Just place a 1-1/2" X 3/4" solid edge on the front of the shelves for strength in the span.


----------



## DeltaDaddy (Nov 15, 2013)

^ what bogey guy said^ If they are adjustable shelves and if they are all fixed shelves the face frame will strengthen the shelf in the same manner


----------



## 111 (Sep 2, 2013)

I think if your screwing the back into the shelf it would be strong enough, but a trim pc on the front edge would definitely help. I would put about an 1 1/4 pc on the front.
I also try to limit the span to 32" so that I can get 3 cuts out of a sheet of material, (unless whatever your building can utilize the other pcs)


----------



## wormil (Nov 19, 2011)

Wookie, have fun with this.

http://www.woodbin.com/calcs/sagulator.htm


----------



## AandCstyle (Mar 21, 2012)

+1 to Rick's suggestion.


----------



## wookie (Dec 15, 2009)

Thanks a bunch guys. I did have fun with the sagulator! (I also have been known to watch someone paint a wall online too.) The solid piece on the fronts is the way we will probably go. Also still considering dadoing the backs too. You guys are great!

Cheers,

Jack


----------



## Tony1212 (Aug 26, 2013)

If you take a look at my Kitchen Table and Built-in project, I did a very similar type of built-in. I actually built 4 cabinets, 3 side by side and one on top, and the far left cabinet is about 46 inches wide by 15 inches deep. I screwed them together with a face frame to hide the end grain of the Baltic birch plywood.

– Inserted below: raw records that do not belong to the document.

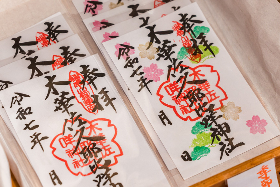 「木華佐久耶比咩神社」の御朱印は、桜や松のスタンプが押されていて、思わず頬がほころぶかわいらしさ。美しい神社の名前とのコントラストも印象的です。季節ごとにモチーフが変わるので、何度訪れても新しい出会いがあります。初穂料は賽銭箱にお納めください。
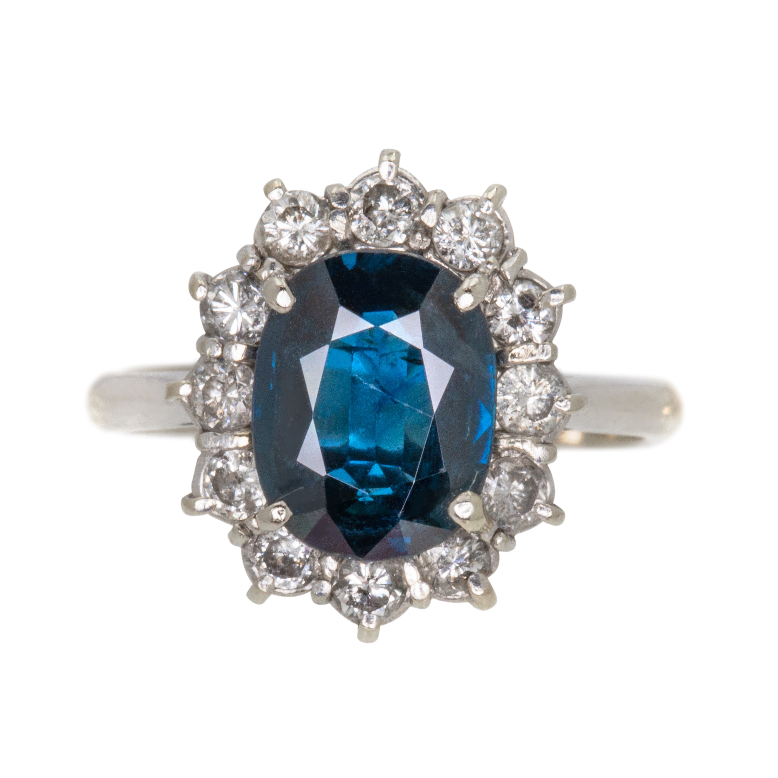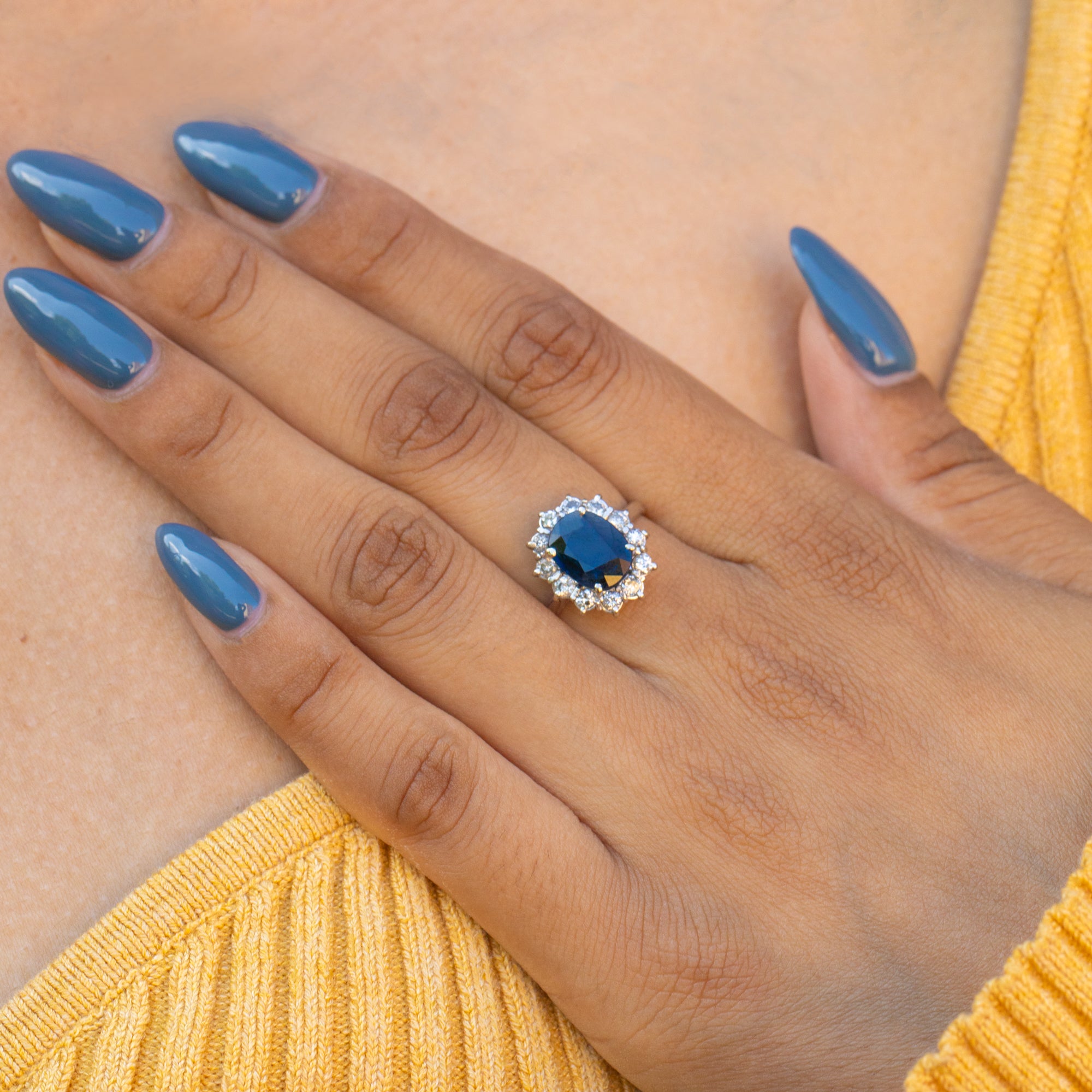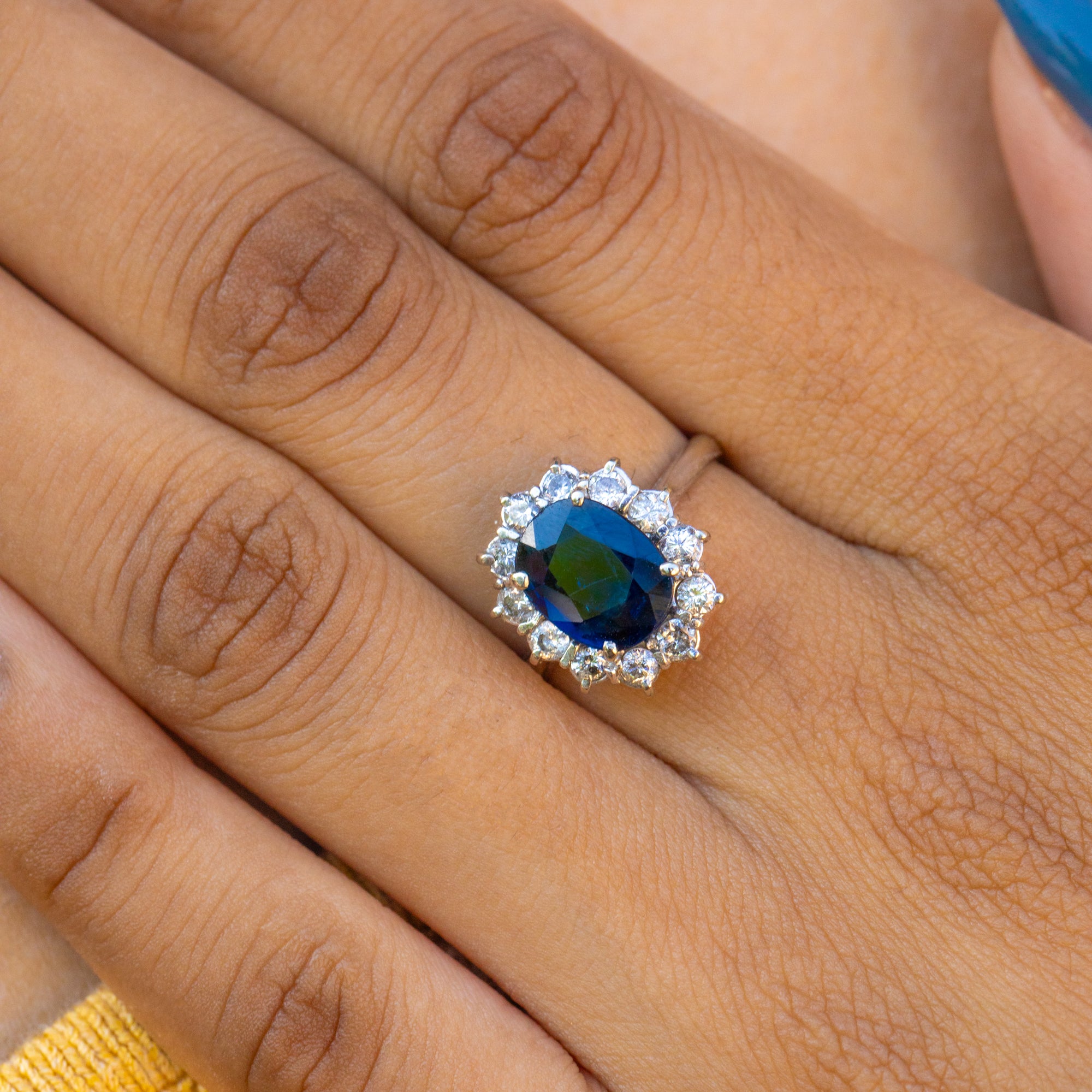 18ct ゴールド ナチュラル サファイア ダイヤモンド クラスター リング 1.40ct サファイア
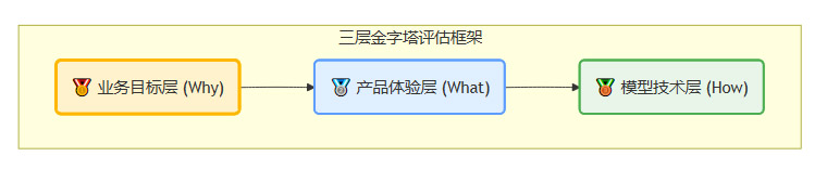 科学的模型效果评估体系,其核心是确保技术指标最终服务于产品体验和业务价值。业界最常用且行之有效的结构,便是“三层金字塔”分层框架。它自上而下进行设计,又自下而上进行验证,形成了一个逻辑严密的闭环。
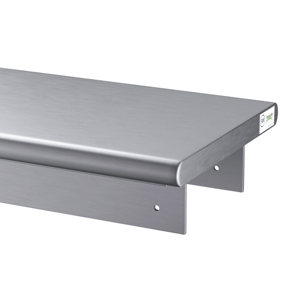 Because it is made of 16-gauge type 304 stainless steel, this shelf can be confidently installed in your kitchen without fear of rust or corrosion. It features 1 1/2" sanitary rolled front and back edges with square ends.
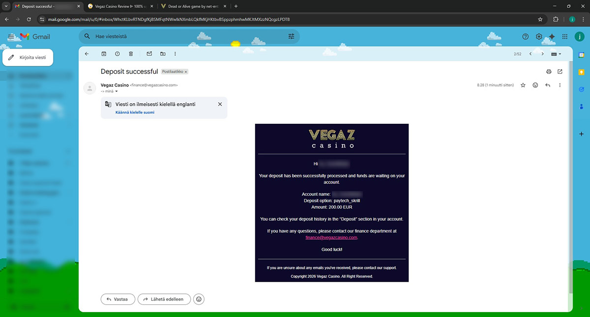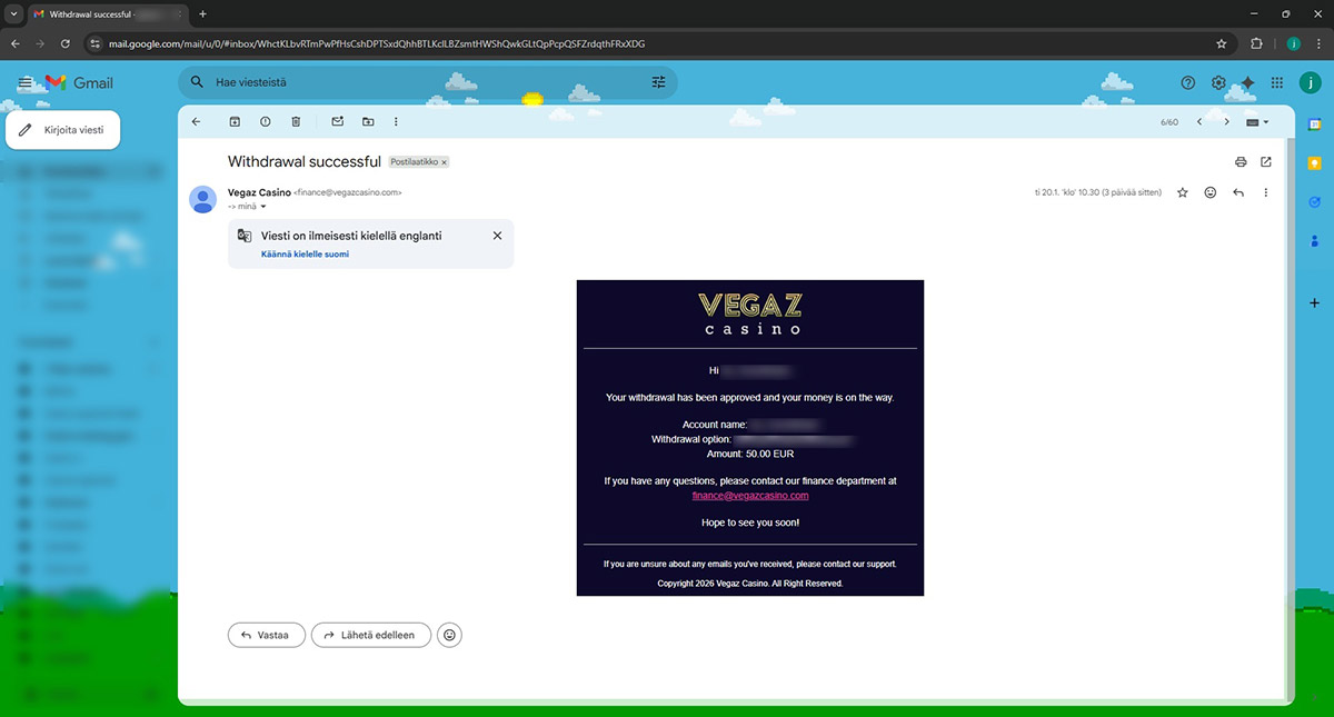 Two days later, the tester received an email from the casino stating that his withdrawal was approved and that his money is on the way.
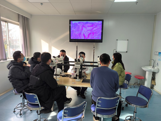 2025年1月15日,公司青年骨干教师在安阳市肿瘤医院进行现场观摩和听取肿瘤医院专家讲解食管癌的切片影像数据怎么识别,为后续的食管癌智能识别打下基础。
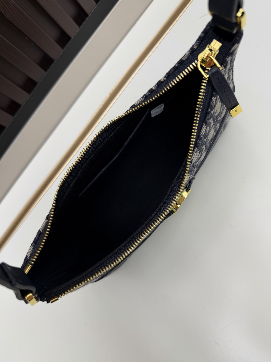 Comes with an adjustable leather shoulder strap for graceful crossbody wear. Features a CD logo on the front, zipper closure, and an interior compartment with 1 card slot.
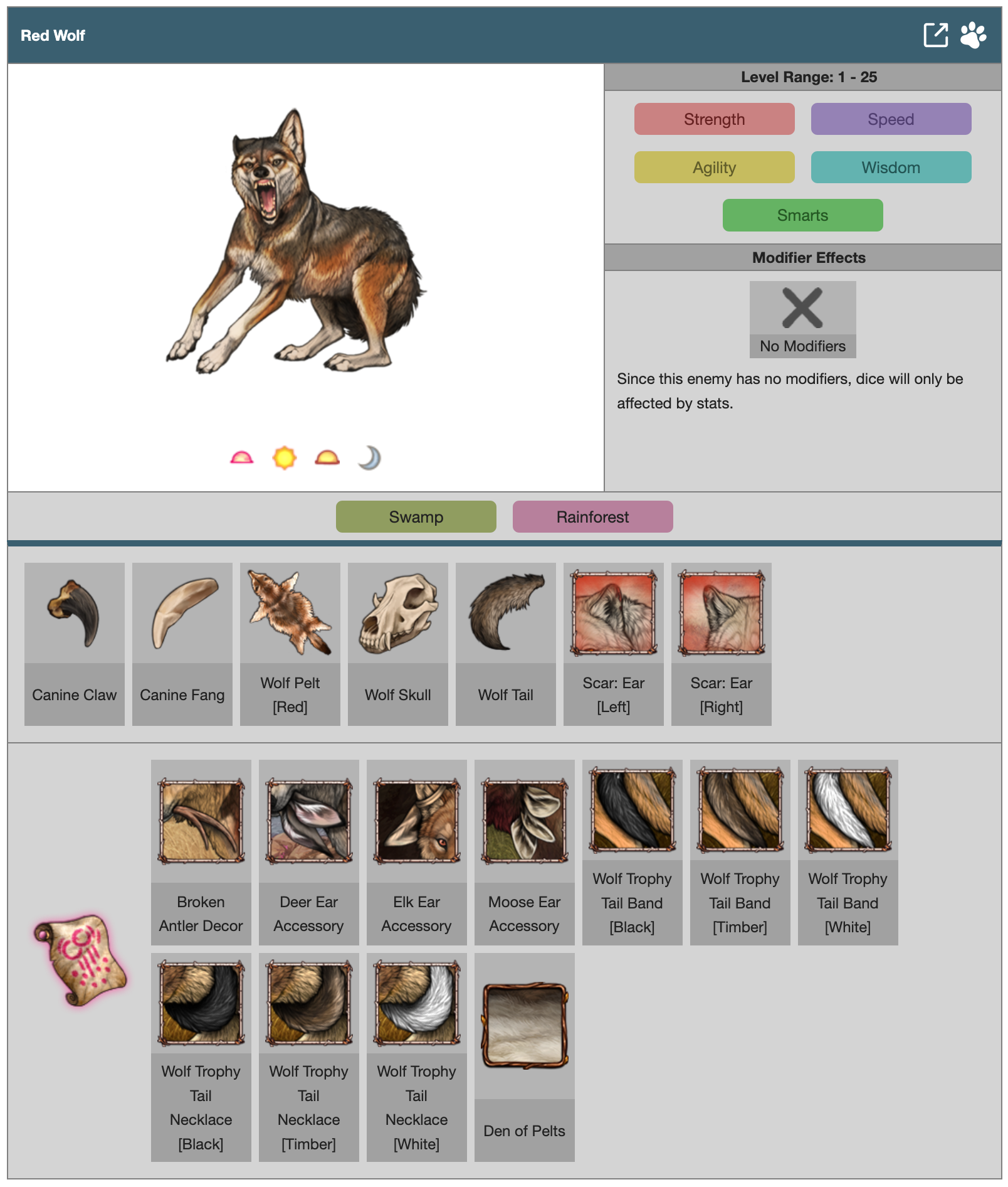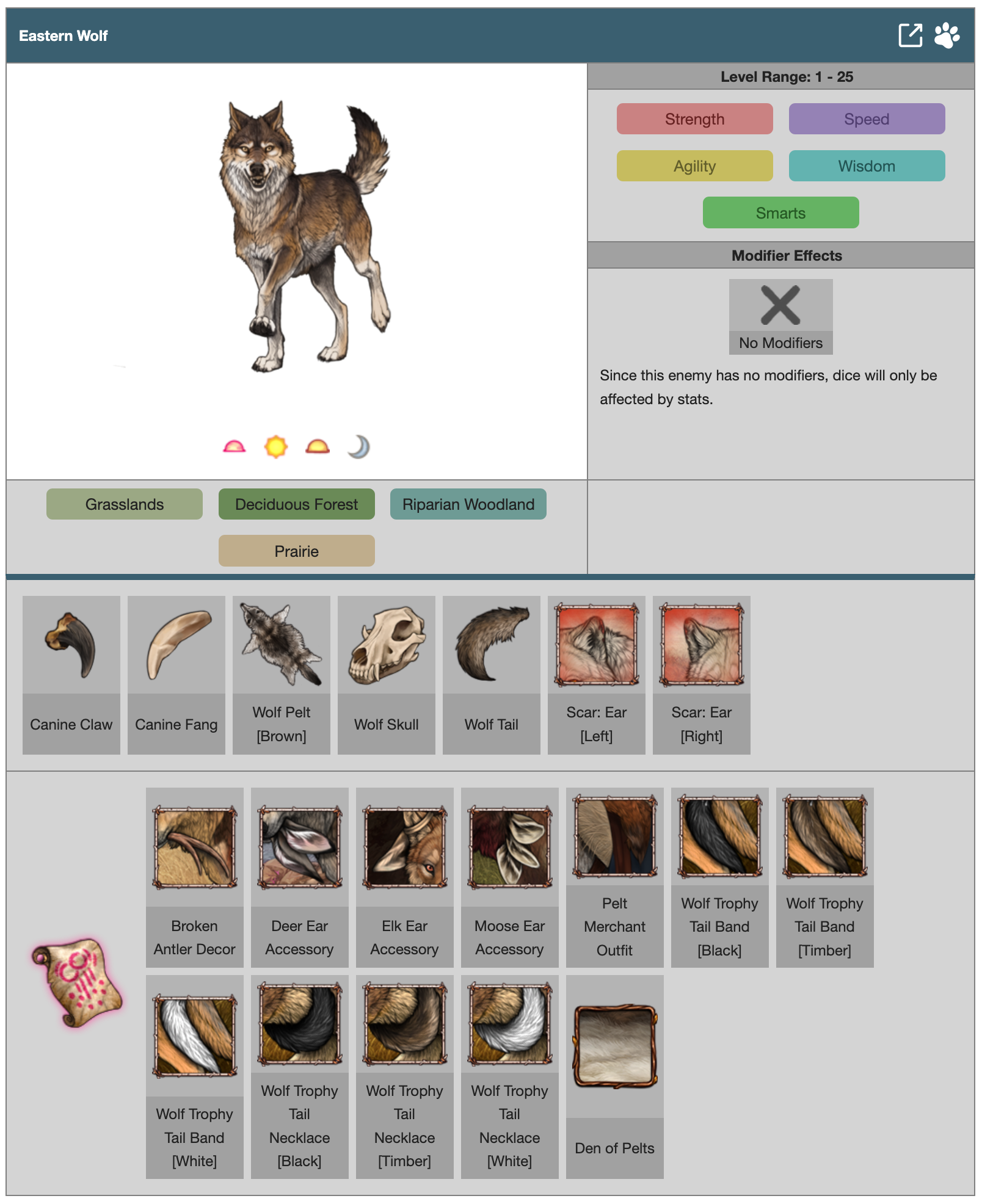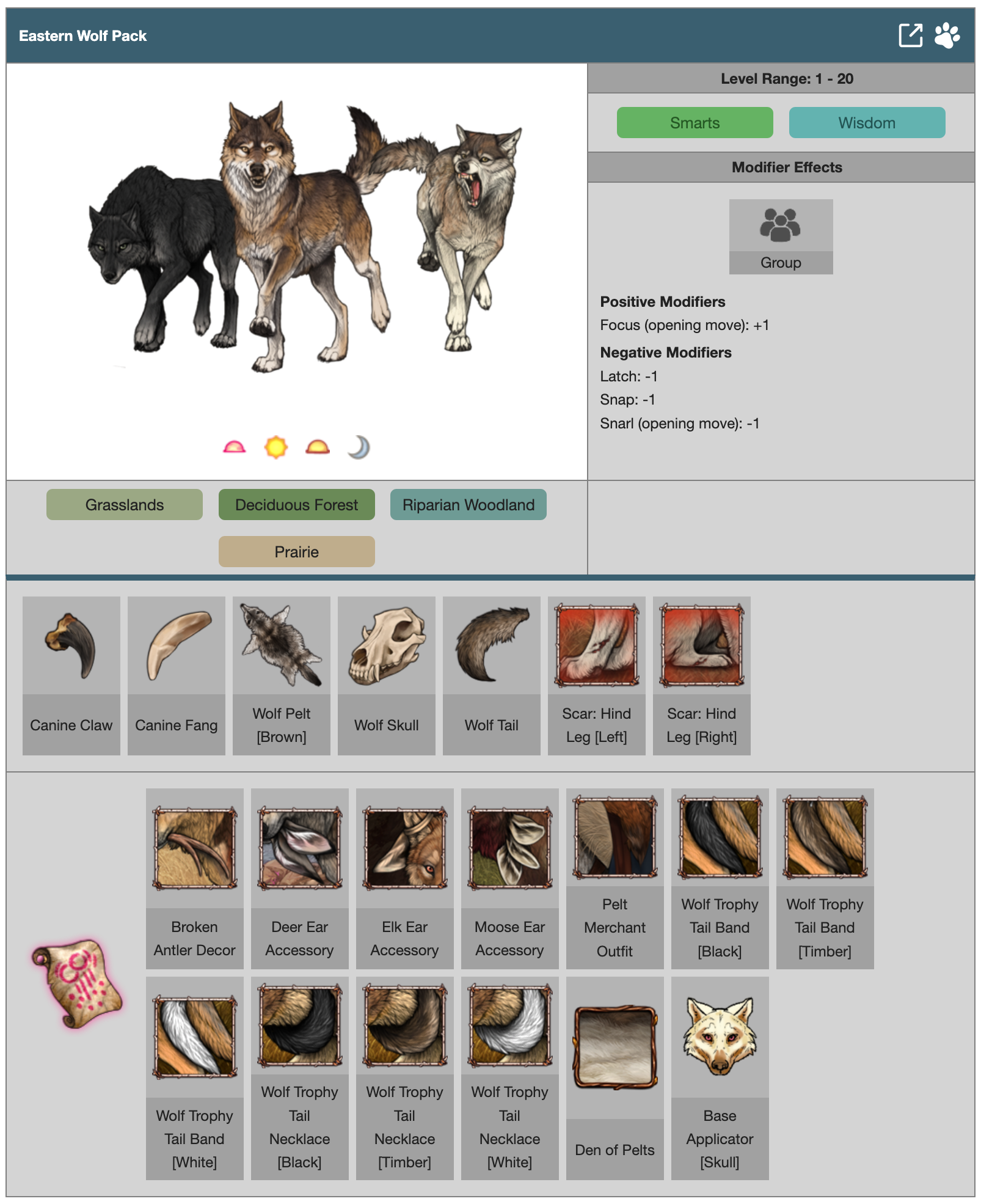'''Only enemies Level 5 and higher have a chance of dropping trophies, and only if your lead wolf is at least Level 10!''' | |||
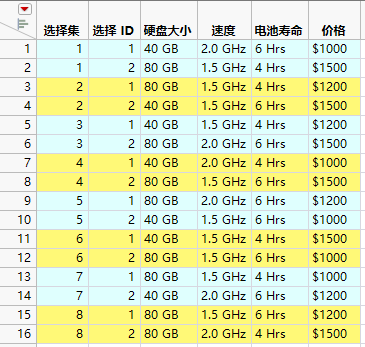 选择(或离散选择)实验提供用于对离散偏好建模的数据。研究参与者可从具有不同特性的多组可能产品(或产品特征)中进行选择。参与者从每组特征中都选择一个偏好特征。例如,在设计高端笔记本电脑时,电脑公司可能关注关键功能的相对重要性,如:处理器速度、硬盘大小、屏幕大小、电池寿命和价格。选择实验可将这些功能的相对价值传达给客户,并指出各产品功能在权衡利弊后的最佳取舍。
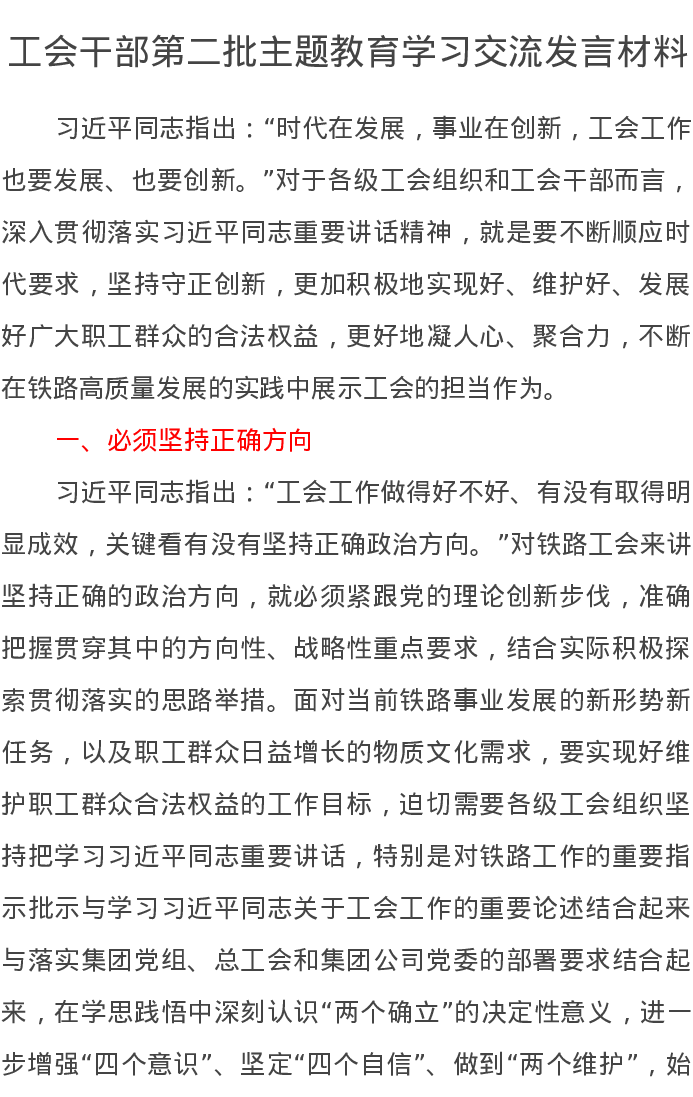 工会干部第二批主题教育学习交流发言材料(特色社会主义思想)
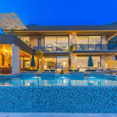 Villa Ela Quality,Kalkan merkeze yakın noktalarından Kızıltaş mevkisinde 2023 yapımı 4 yatak odası 9 kişi kapasili özel havuzlu lüks tatil villasıdır.Villamızın havuz alanı %70 korunaklı olup havuza entegre jakuzi ve çocuk havuzu olarak kullanılabilecek sığ havuz bulunmaktadır.Kalkan'ın harika şehir ve deniz manzarasına sahip evimiz son derece modern bir mimariye sahip olup üst kalite eşyalarla döşenmiştir.Geniş aile ve arkadaş grupları için olan villamızda sauna da bulunmaktadır.

The shelves are made of 3/4" plywood with 3/4" x 1.5" hard maple fronts. The maple was was put on the ply so that the 1.5" was visible from the front - flush on top and a lip on the bottom of the shelf. I used pocket screws and glue to attach the maple to the plywood.

There is one fixed shelf in that cabinet. I only dadoed the sides then used glue and screws on the sides and back. All the other shelves are adjustable, so no other dadoes.

My wife has had a good time loading those suckers up. Maybe 50 to 60 pounds fairly evenly distributed. So far (about 4 months), no sag.

for consistency sake, I kept the look of the shelves the same for the other cabinets even though it was overkill for the 11 inch wide cabinet.


----------



## wookie (Dec 15, 2009)

Thanks Tony. Your project turned out great. I am also in IL, the Peoria area. Not far from Washington that was hit by the F-4 tornado.


----------